Одной из первых лирических книг 1941 г. был сборник А. Суркова «Фронтовые стихи». В него вошли произведения, написанные в июле - августе этого года. По этой книге, заключавшей в себе многое из проблематики того времени, интересной по своеобразию художественных решений, можно судить об основной направленности тогдашней поэтической работы.
Стихи написаны на дорогах отступлений, в огне затяжных боев. Прерывистое дыхание тяжелой битвы хорошо передано в этой книге, состоящей, как правило, из коротких, похожих на записи во фронтовом блокноте произведений.
Стихи А. Суркова 1941 г. подчинены были одному всепронизывающему чувству -- чувству священной ненависти.
За кровь на асфальте, за женщин в слезах,
За ужас в бессонных ребячьих глазах,
За взорванный бомбами детский уют,
За каждый кирпич, что они разобьют,
За каждый квартал, укутанный в дым,
Мы страшной расплатой врагу воздадим!*
«Я пою ненависть» -- так называлась одна из его тогдашних книг.

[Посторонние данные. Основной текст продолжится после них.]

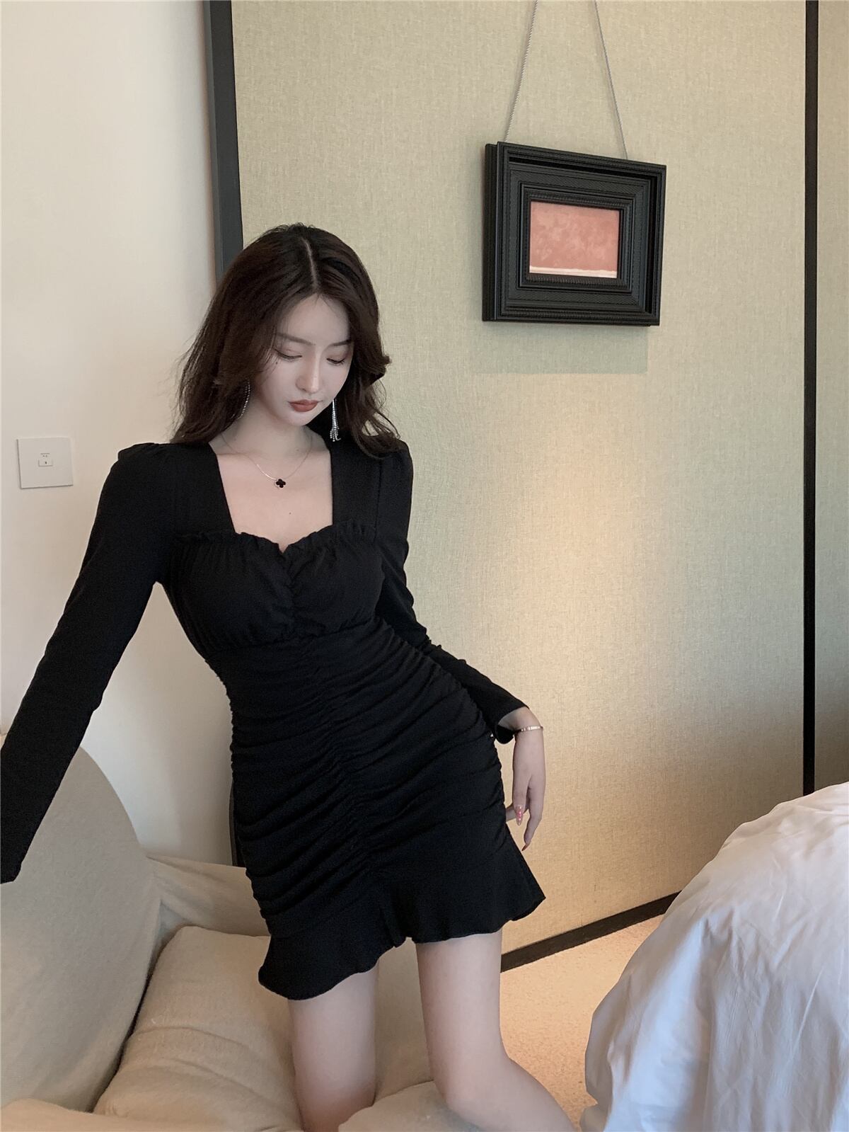 2021年秋新しい女性有名人の気質セクシーなスクエアカラーはスリムな痩身フィッシュテールバッグヒップドレスを折ります micat926237602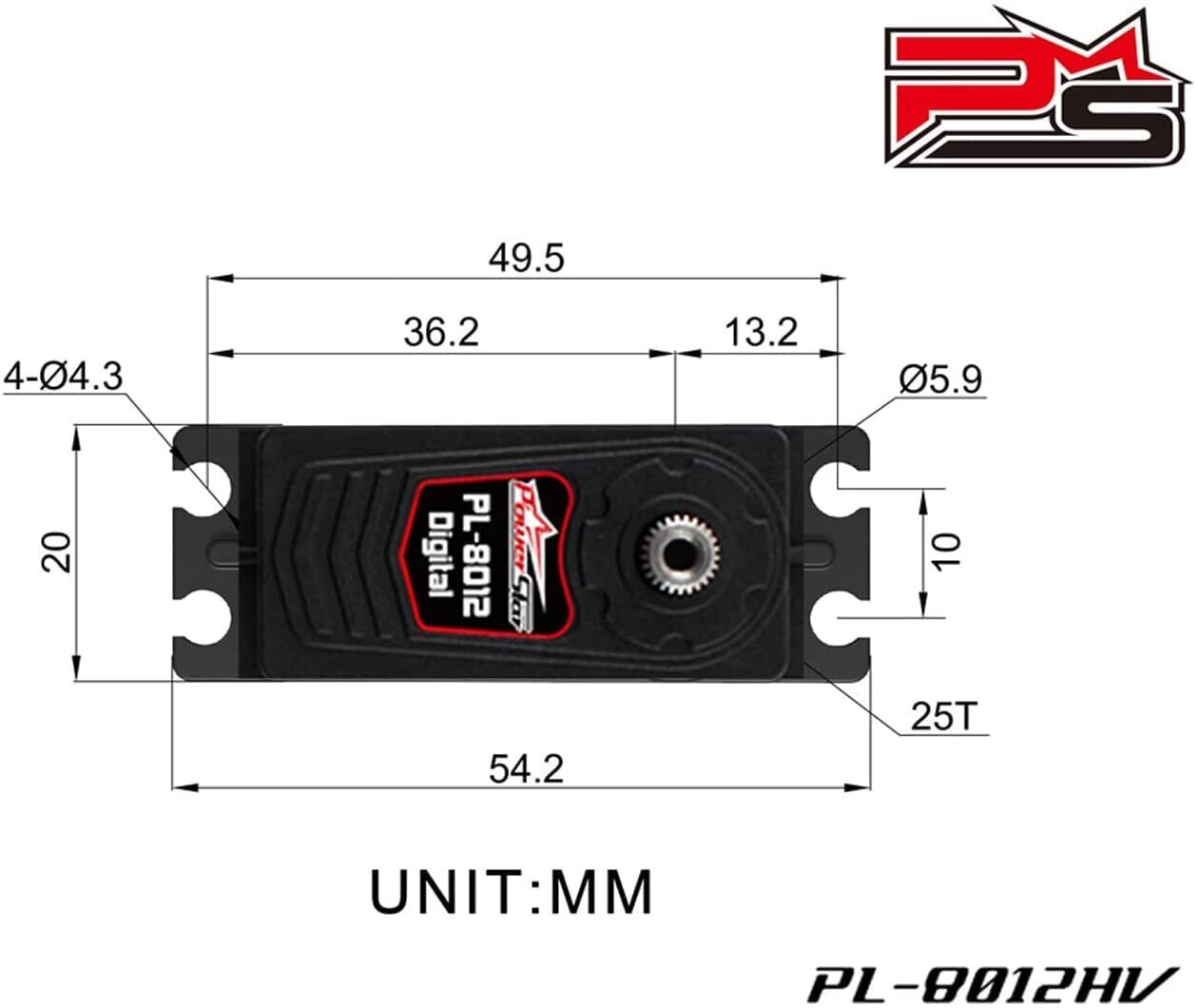 PowerStar ハイスピード型薄型デジタルサーボ(0.07sec/12.0kg) 金属ギヤ&HVハイボルテージ&防滴IP65仕様 ロープロサイズ PL-8012HV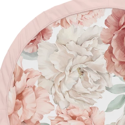 Peony Floral Garden Pink and Ivory Collection Play Mats by Sweet Jojo Designs make tummy time and child development stylish and fun. Made with soft fabrics and fluffy fill, this multi-functional mat is small enough to take on the go. These adorable playmats will transform any room into the perfect play space. Great for vacations, playdates, beach outings, and everyday use at home. Always be aware of baby’s surroundings and keep an eye on baby while in use. Not intended for sleep. Sweet Jojo Designs creates various coordinating room accessories and decor for all of their children’s bedding and nursery bedding set collections (These items not included). Playmat is designed using a blush pink and ivory boho shabby chic watercolor floral bohemian vintage garden peony flower print and finished with blush pink piping and border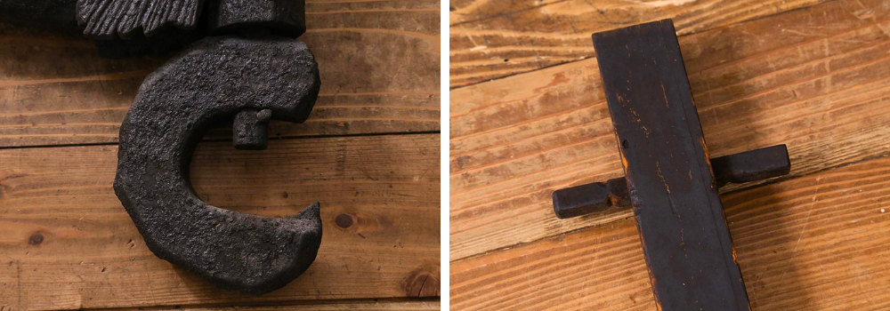 自在鉤は、職人の手仕事の美しさが魅力の一つです。木彫りの装飾や鉄製の鍛造技術が見られ、同じものが二つとない一点ものの味わいを感じられます。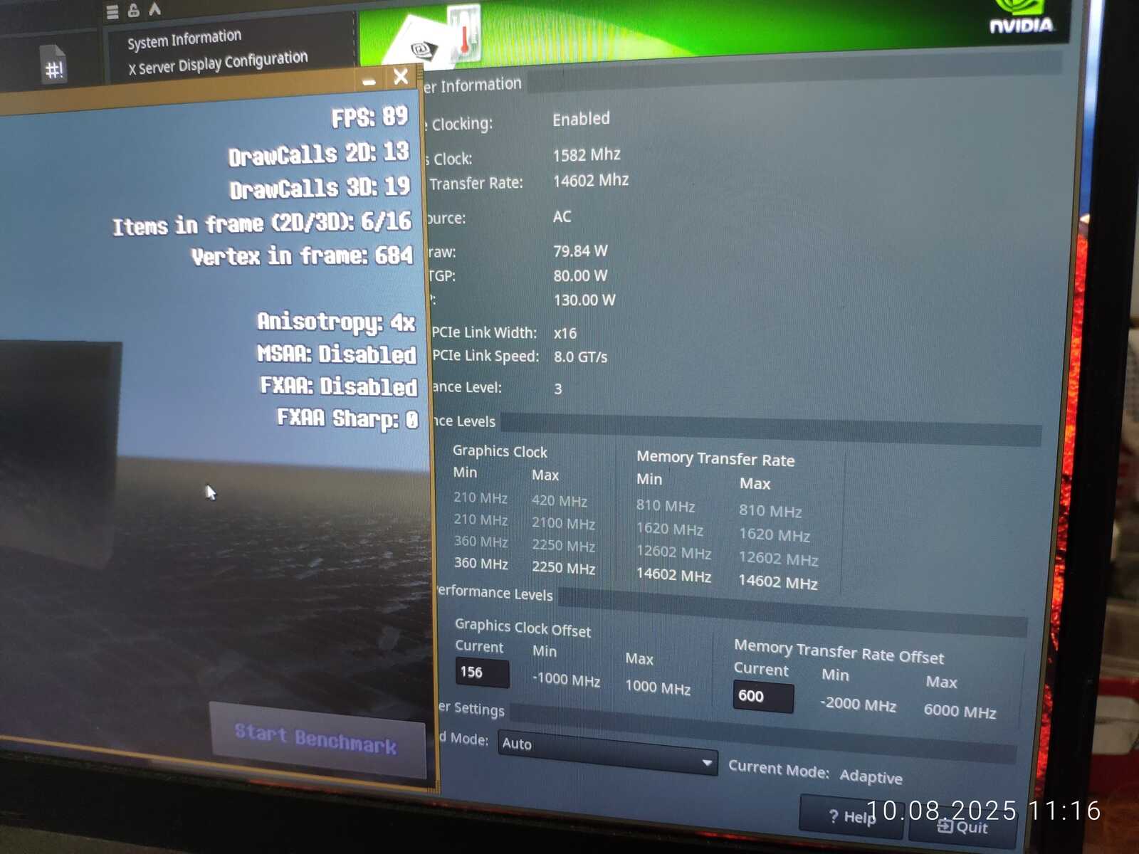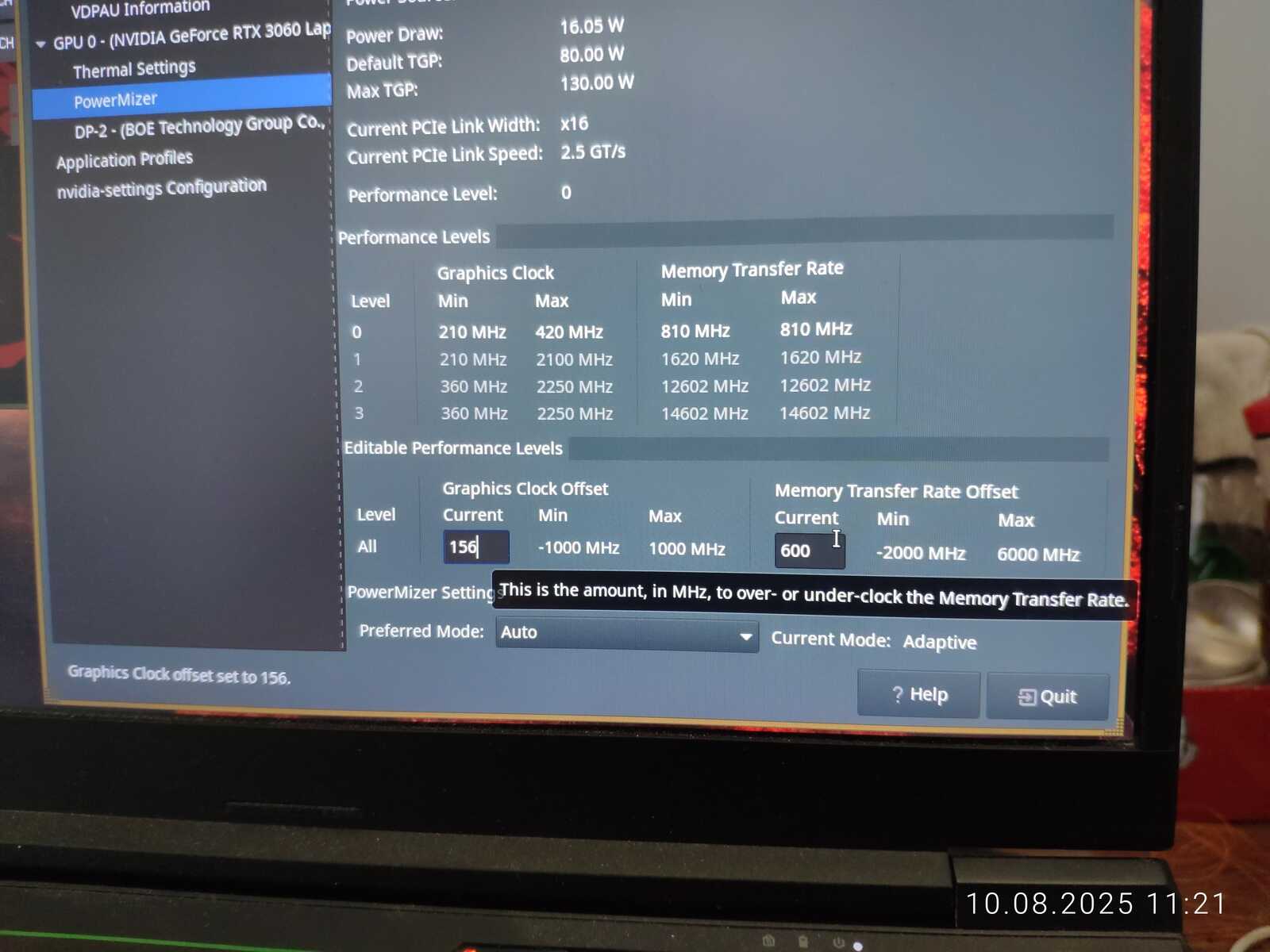 Эффективнее было бы повышать лимиты мощности для разгона. Но проблема в том, что вместо операционной системы используется Linux. Нет никаких доступных и рабочих способов изменения лимита мощности, хотя драйвер NVIDIA указывает максимальный доступный лимит в 130 Вт.

В стихах А. Суркова, часто фрагментарных, немногословных, запечатлевавших войну, по его выражению, прямыми и страшными словами, военная действительность представала во множестве точно схваченных деталей, «остановленных» жестов и движении, бегло, но твердо намеченных фигур и поз, -- все это графическое разнообразие, напоминающее фронтовой блокнот, держится пронзительной силой поэтического чувства, объединяющего в себе священную ненависть к врагу и безмерную -- страдающую -- любовь к Отчизне.
Человек склонился над водой
И увидел вдруг, что он седой.
Человеку было двадцать лет.
Над лесным ручьем он дал обет:
Беспощадно, яростно казнить
Тех людей, что рвутся на восток
Кто его посмеет обвинить,
Если будет он в бою жесток?
Или
Он мне сказал, отходя ко сну:
-- Черные тени в глазах рябят.
Только забудусь -- вижу жену,
Только забудусь -- вижу ребят.
Мертвые дети мерещатся мне.
Дрожь пробегает с волос до пят.
...Вот почему в ночной тишине
Крепкие, зубы его скрипят.
Внешне -- это зарисовки, т. е. как бы «газетная» поэзия, родственная и блокнотной записи, и очерку, но на самом деле газетная тема здесь уже перешла на язык лирического высказывания.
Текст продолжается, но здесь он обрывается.